Friday 12 April 2024

Spotlighting War’s Cultural Destruction in Central and Eastern Ukraine

We can confidently say that Europe
has not experienced destruction of this magnitude,
let alone this quickly, since World War II.

An important essay by  an archaeologist, anthropologist, and film expert in The Conversation (Kuijt, I. Shydlovskyi, P. and Donamaura W 'Spotlighting War’s Cultural Destruction in Ukraine' 9th April 2024)

War does not just destroy lives. It also tears at the fabric of culture. And in the case of Russia’s full-scale invasion of Ukraine, now about to enter its third year, the remarkable destruction of Ukrainian history and heritage since 2022 hasn’t been a matter of collateral damage. Rather, the Russian military has deliberately targeted museums, churches, and libraries that are important to the Ukrainian people.
A small group of archaeologists and filmmakers working closely with Ukrainian colleagues, made two nine-day trips (in March and October 2023) to the eastern parts of Ukraine to try and get an idea of what was happening. This is something I have been thinking about, looking at the various media reports coming out of the area and some of the recent satellite coverage of defensive systems. The situation in Ukraine is exactly a mirror of what we see in Syria where tells, walled forts and towns have been turned into defensive positions. The authors report:
If traveling in Ukraine has taught us one important lesson, it’s that the digging of trenches can erase history. While the destruction of churches, libraries, and museums viscerally evokes a sense of loss, there’s an entire unseen world below the ground surface—filled with untold numbers of artifacts, bones, and buried buildings—that is exposed when trenches are created.

In fact, it’s likely that this war has destroyed more history and archaeology buried below the ground than above it.

As armies did during World War I, the Ukrainian military built deep trenches and bunkers along rivers and high ground in the early months of the war. Two years later, these defensive trench systems are a central element of the ground war and demarcate the front lines. In many cases, the trenches were dug into the remains of buried archaeological sites, most of which were previously unknown and untouched.

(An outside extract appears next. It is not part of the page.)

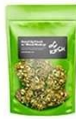
Stand up pouch bag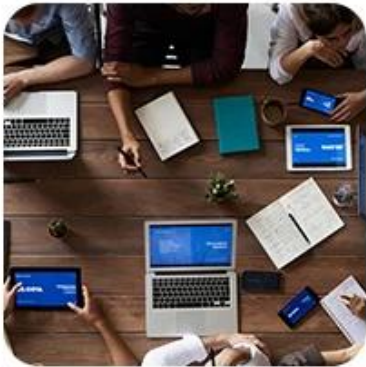
1) Offer Shipping Schedule

In March 2023, for example, we visited sites around Irpin and Bucha, two villages on the northern edge of Kyiv, to document how medieval and Bronze Age sites buried below the surface had been destroyed by trenches or, in other cases, are now blanketed by minefields to stop Russian military units.

We also went to the 11th-century archaeological site of Oster. Perched on a small hill, southeast of Chernihiv, Oster was an important regional center in the medieval period. It had a brick-and-stone church and a large settlement nearby. As part of the siege of Chernihiv in March 2022, Ukrainian troops built deep trenches and bunkers around the edges of Oster, since the site overlooks rivers and crossing points.

When we visited Oster a year after the invasion, we noticed that the trench system around the church was dug into a large 11th-century settlement and burial ground. Lying exposed on the dirt piles along the trenches were medieval human skeletal remains. The more we studied the system of trenches and bunkers, which encircles an area of about 650 feet, the more human bones we saw.

A crew of archaeologists has returned to photograph the destruction of these burial grounds. But given the ongoing war, it isn’t possible to fully document the destruction, let alone fill in the trenches, which still may be needed by soldiers.
The trenches are also part of the archaeology of this War and apart from the aerial and satellite photo evidence, some will end up being preserved as field monuments to this devastating episode in the future, and the fact that they destroyed archaeological sites will be the least of the problems.

Vignette: Ukrainian infantrymen in a partially dug trench along the frontline near Bakhmut, Ukraine. Photographer: John Moore/Getty Images.